*** Begin section ***

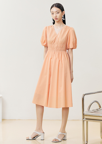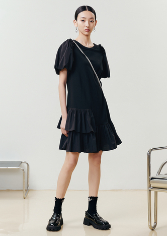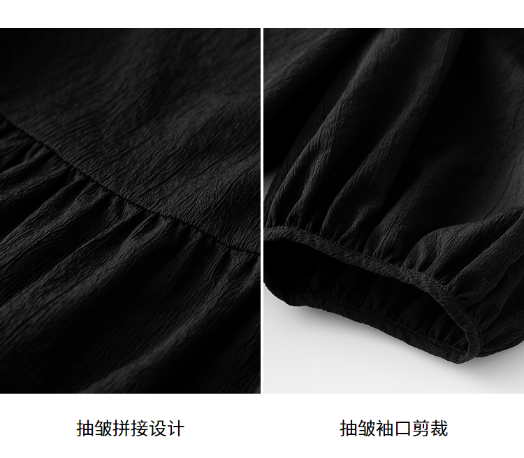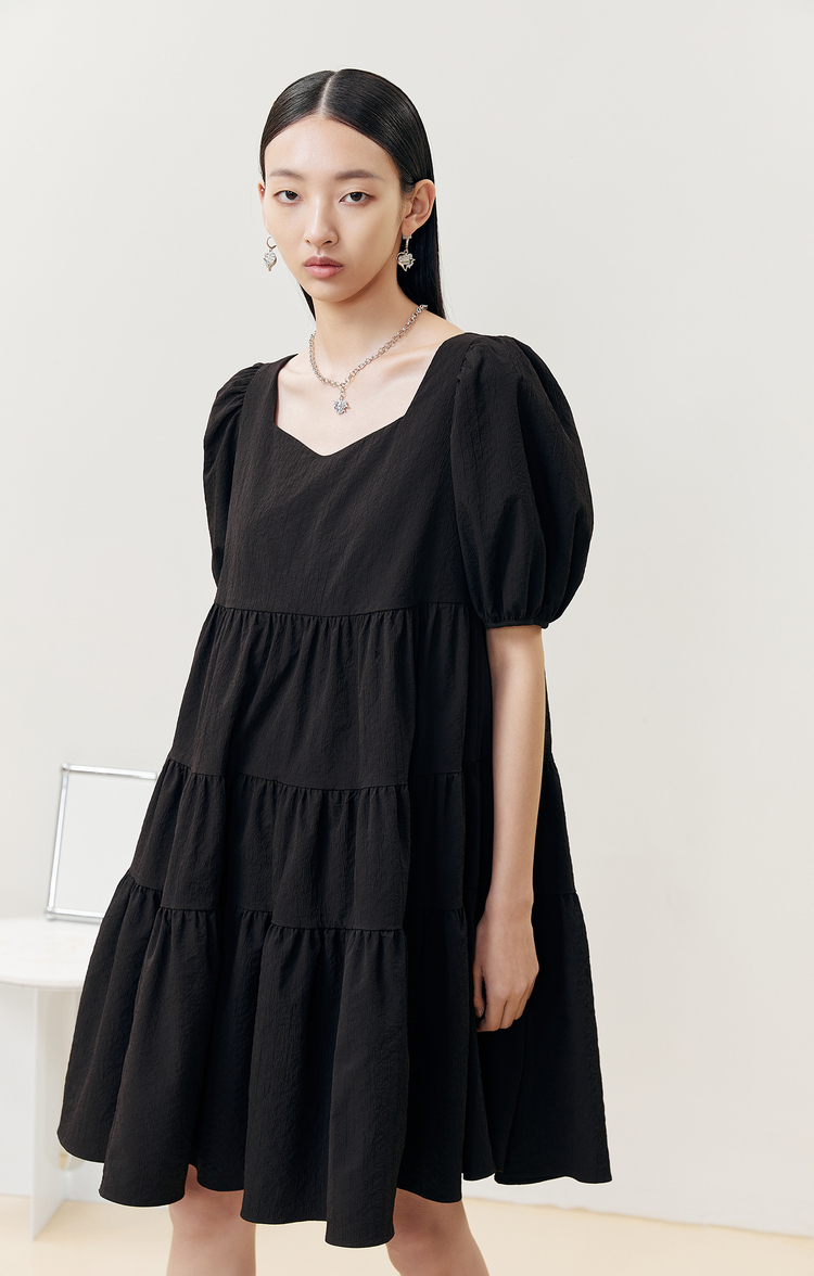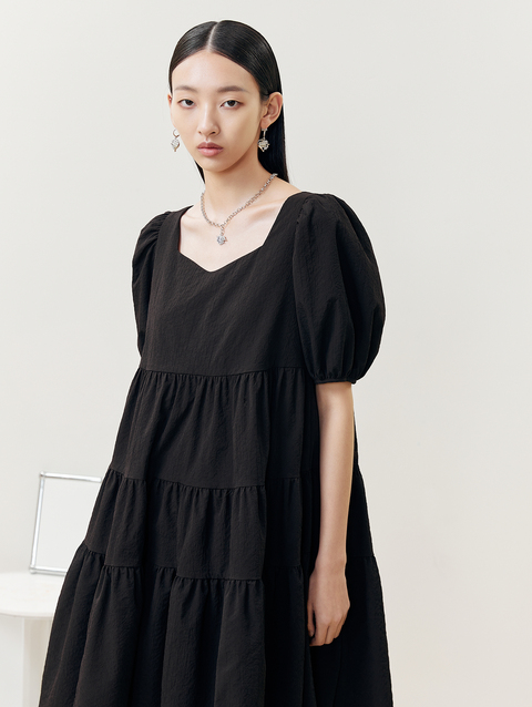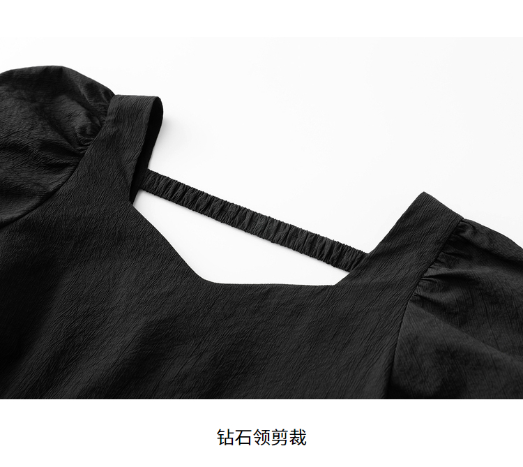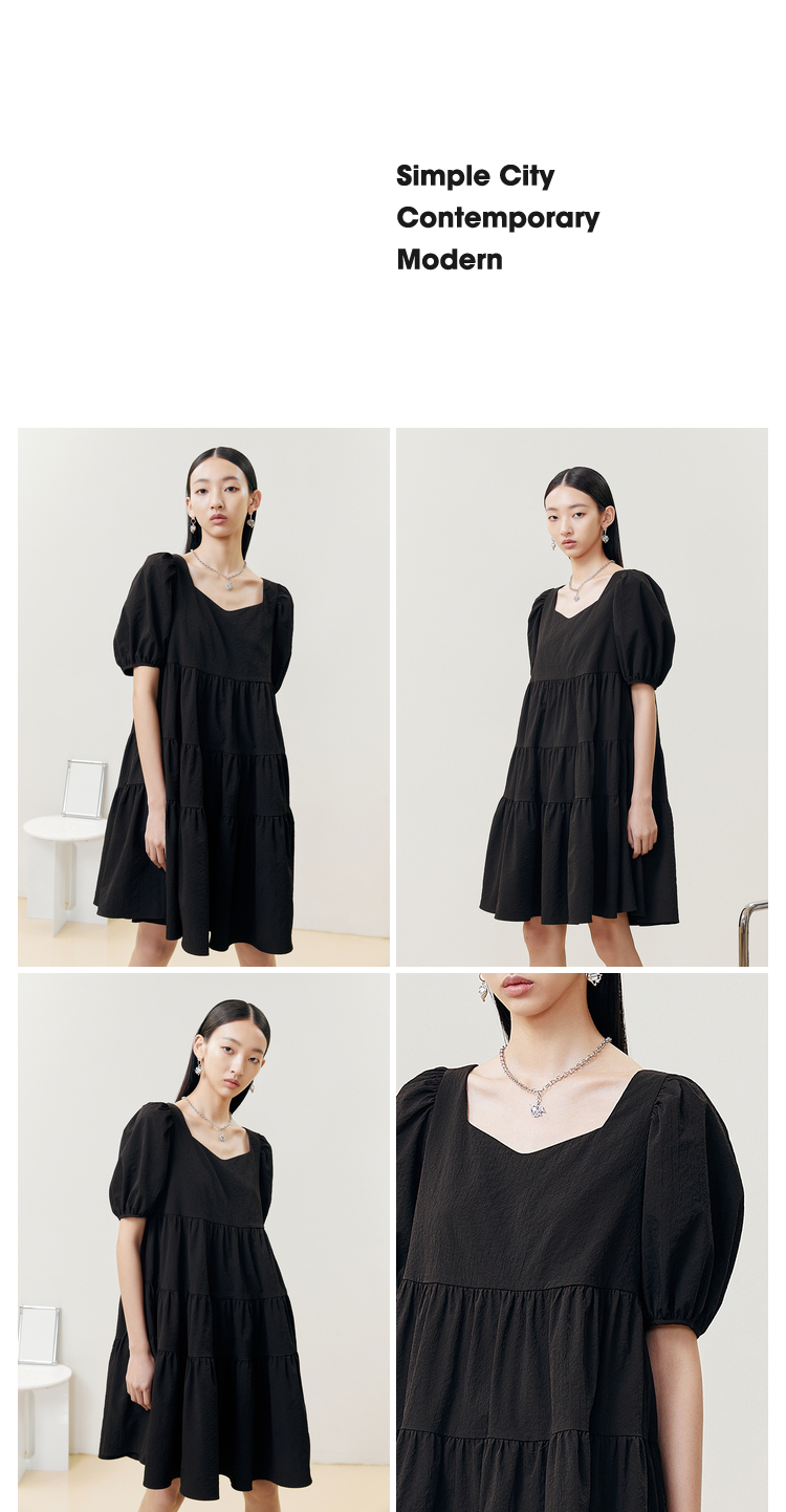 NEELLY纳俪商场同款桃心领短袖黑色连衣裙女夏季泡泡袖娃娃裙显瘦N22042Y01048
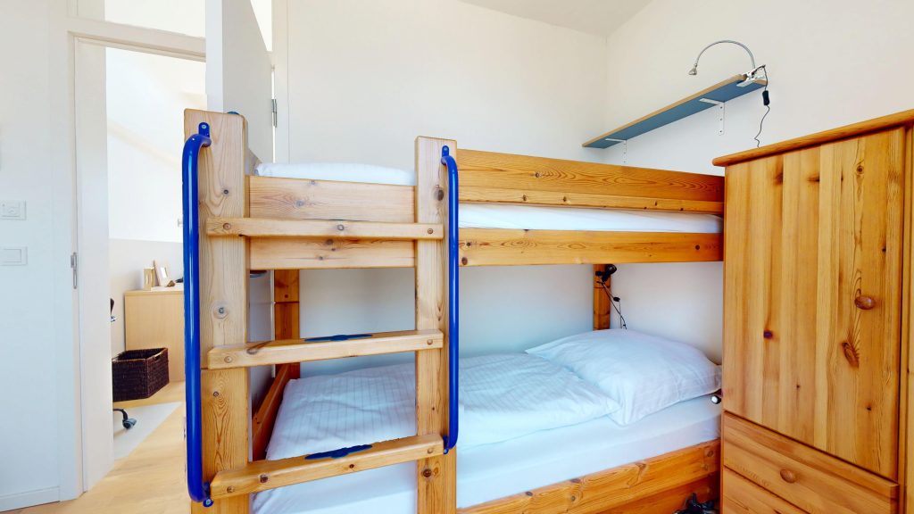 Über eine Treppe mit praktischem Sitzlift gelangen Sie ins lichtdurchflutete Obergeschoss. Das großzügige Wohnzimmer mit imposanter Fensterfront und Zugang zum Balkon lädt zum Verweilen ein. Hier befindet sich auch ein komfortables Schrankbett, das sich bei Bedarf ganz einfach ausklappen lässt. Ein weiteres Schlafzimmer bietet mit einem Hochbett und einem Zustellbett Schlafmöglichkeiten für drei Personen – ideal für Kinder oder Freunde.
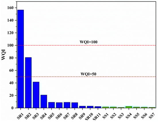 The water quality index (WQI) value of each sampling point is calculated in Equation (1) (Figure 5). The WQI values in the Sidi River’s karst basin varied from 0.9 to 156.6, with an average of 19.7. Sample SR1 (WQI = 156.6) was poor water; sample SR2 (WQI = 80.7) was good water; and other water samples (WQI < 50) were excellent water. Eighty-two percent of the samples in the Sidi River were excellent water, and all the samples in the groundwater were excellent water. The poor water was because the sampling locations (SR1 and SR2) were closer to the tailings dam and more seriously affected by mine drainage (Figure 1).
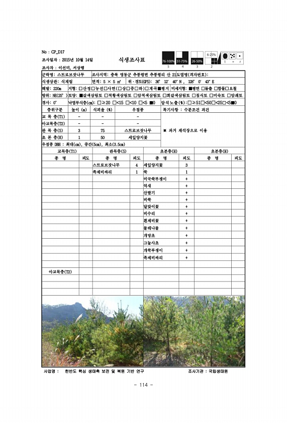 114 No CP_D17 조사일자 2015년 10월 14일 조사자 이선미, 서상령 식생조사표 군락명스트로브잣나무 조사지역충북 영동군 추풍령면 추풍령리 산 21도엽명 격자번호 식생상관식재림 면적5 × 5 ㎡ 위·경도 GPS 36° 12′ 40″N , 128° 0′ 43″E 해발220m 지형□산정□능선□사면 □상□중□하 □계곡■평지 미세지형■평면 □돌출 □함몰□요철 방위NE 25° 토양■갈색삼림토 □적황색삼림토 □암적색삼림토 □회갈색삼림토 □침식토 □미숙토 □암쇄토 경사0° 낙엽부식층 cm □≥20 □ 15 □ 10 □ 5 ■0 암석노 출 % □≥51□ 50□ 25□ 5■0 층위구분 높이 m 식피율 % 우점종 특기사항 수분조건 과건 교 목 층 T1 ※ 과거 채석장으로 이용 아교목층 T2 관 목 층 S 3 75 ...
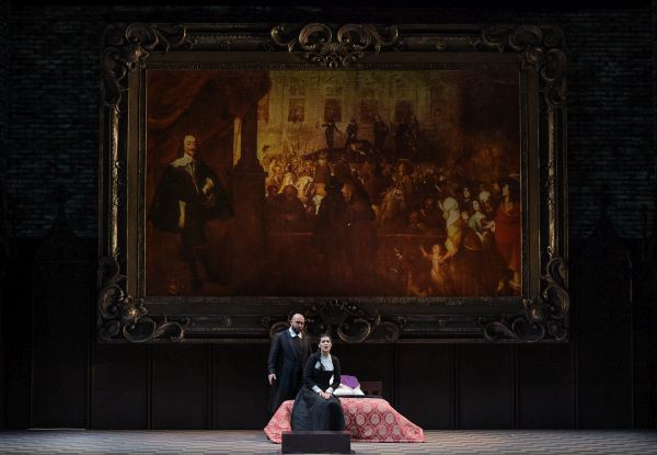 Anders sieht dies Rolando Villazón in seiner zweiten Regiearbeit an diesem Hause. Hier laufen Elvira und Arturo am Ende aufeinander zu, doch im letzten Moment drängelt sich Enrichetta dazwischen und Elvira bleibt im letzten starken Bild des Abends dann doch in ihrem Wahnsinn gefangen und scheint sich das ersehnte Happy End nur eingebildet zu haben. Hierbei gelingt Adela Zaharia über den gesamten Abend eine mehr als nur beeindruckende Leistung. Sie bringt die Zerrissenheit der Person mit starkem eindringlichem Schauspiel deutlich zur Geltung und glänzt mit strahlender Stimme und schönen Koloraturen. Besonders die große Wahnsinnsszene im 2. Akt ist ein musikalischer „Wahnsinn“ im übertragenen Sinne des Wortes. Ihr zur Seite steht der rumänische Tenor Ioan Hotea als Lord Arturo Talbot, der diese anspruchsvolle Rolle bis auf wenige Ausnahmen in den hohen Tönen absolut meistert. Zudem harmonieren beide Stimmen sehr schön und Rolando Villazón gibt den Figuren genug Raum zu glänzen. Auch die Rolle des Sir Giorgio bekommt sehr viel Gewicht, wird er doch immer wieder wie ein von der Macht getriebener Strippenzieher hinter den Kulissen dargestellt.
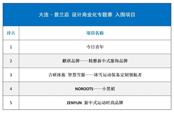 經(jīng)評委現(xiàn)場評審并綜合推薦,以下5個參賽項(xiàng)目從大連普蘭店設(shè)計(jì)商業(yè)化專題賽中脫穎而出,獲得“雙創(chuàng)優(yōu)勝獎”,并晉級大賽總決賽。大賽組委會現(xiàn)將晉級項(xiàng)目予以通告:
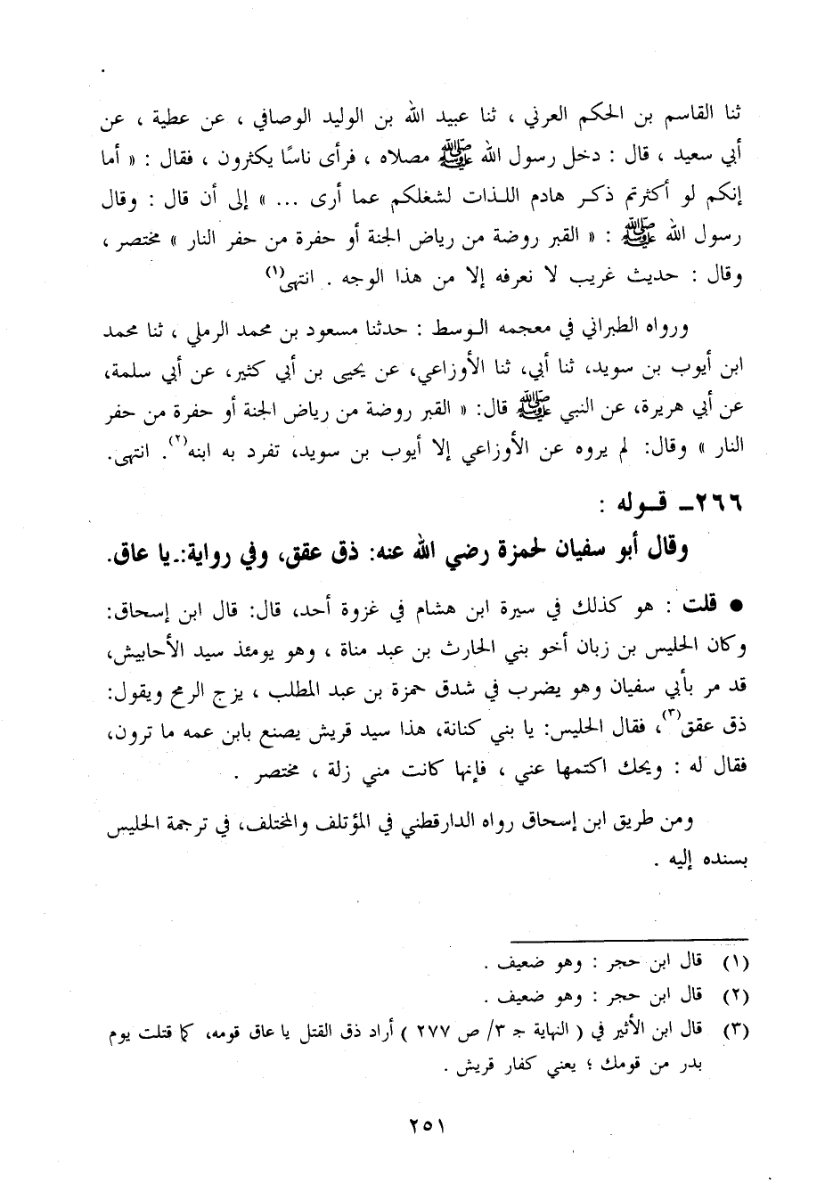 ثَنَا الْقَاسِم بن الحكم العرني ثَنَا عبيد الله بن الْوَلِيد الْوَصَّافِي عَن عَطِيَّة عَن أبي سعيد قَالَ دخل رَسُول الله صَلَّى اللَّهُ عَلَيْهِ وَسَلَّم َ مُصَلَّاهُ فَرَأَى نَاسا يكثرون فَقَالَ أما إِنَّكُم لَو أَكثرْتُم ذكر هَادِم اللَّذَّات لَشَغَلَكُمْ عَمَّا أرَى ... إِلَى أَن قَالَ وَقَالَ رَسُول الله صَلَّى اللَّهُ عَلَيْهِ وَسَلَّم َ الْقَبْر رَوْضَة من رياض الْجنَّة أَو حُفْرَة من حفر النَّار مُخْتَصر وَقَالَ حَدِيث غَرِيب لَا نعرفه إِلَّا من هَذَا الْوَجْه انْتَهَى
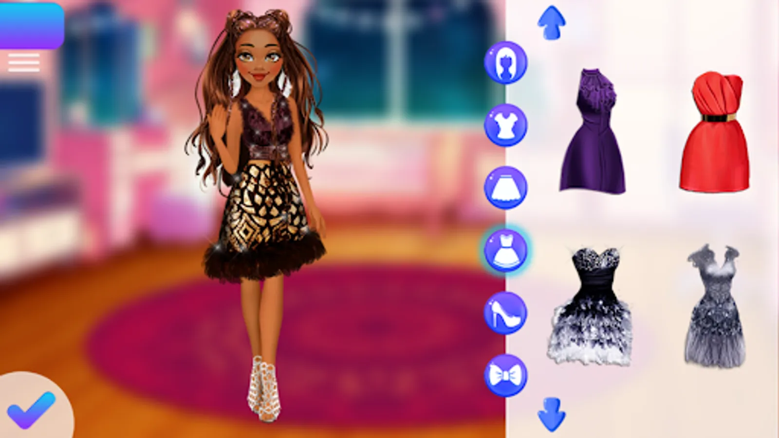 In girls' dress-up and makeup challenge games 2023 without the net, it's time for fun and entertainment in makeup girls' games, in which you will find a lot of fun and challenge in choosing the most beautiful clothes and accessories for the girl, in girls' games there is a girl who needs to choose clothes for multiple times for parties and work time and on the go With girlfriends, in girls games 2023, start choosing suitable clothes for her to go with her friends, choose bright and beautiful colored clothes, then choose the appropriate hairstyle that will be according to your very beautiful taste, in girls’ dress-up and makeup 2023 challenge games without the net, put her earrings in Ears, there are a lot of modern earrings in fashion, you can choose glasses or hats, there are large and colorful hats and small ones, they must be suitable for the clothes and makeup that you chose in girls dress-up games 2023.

*** End section ***

**What is needed:** Produce an exact reproduction of the listing above, limited to the lines starting at the line with "Anders sieht dies" and ending at the line with "ثَنَا الْقَاسِم بن", both kept, with every picture left out.

**Result:**
 Anders sieht dies Rolando Villazón in seiner zweiten Regiearbeit an diesem Hause. Hier laufen Elvira und Arturo am Ende aufeinander zu, doch im letzten Moment drängelt sich Enrichetta dazwischen und Elvira bleibt im letzten starken Bild des Abends dann doch in ihrem Wahnsinn gefangen und scheint sich das ersehnte Happy End nur eingebildet zu haben. Hierbei gelingt Adela Zaharia über den gesamten Abend eine mehr als nur beeindruckende Leistung. Sie bringt die Zerrissenheit der Person mit starkem eindringlichem Schauspiel deutlich zur Geltung und glänzt mit strahlender Stimme und schönen Koloraturen. Besonders die große Wahnsinnsszene im 2. Akt ist ein musikalischer „Wahnsinn“ im übertragenen Sinne des Wortes. Ihr zur Seite steht der rumänische Tenor Ioan Hotea als Lord Arturo Talbot, der diese anspruchsvolle Rolle bis auf wenige Ausnahmen in den hohen Tönen absolut meistert. Zudem harmonieren beide Stimmen sehr schön und Rolando Villazón gibt den Figuren genug Raum zu glänzen. Auch die Rolle des Sir Giorgio bekommt sehr viel Gewicht, wird er doch immer wieder wie ein von der Macht getriebener Strippenzieher hinter den Kulissen dargestellt.
 經(jīng)評委現(xiàn)場評審并綜合推薦,以下5個參賽項(xiàng)目從大連普蘭店設(shè)計(jì)商業(yè)化專題賽中脫穎而出,獲得“雙創(chuàng)優(yōu)勝獎”,并晉級大賽總決賽。大賽組委會現(xiàn)將晉級項(xiàng)目予以通告:
 ثَنَا الْقَاسِم بن الحكم العرني ثَنَا عبيد الله بن الْوَلِيد الْوَصَّافِي عَن عَطِيَّة عَن أبي سعيد قَالَ دخل رَسُول الله صَلَّى اللَّهُ عَلَيْهِ وَسَلَّم َ مُصَلَّاهُ فَرَأَى نَاسا يكثرون فَقَالَ أما إِنَّكُم لَو أَكثرْتُم ذكر هَادِم اللَّذَّات لَشَغَلَكُمْ عَمَّا أرَى ... إِلَى أَن قَالَ وَقَالَ رَسُول الله صَلَّى اللَّهُ عَلَيْهِ وَسَلَّم َ الْقَبْر رَوْضَة من رياض الْجنَّة أَو حُفْرَة من حفر النَّار مُخْتَصر وَقَالَ حَدِيث غَرِيب لَا نعرفه إِلَّا من هَذَا الْوَجْه انْتَهَى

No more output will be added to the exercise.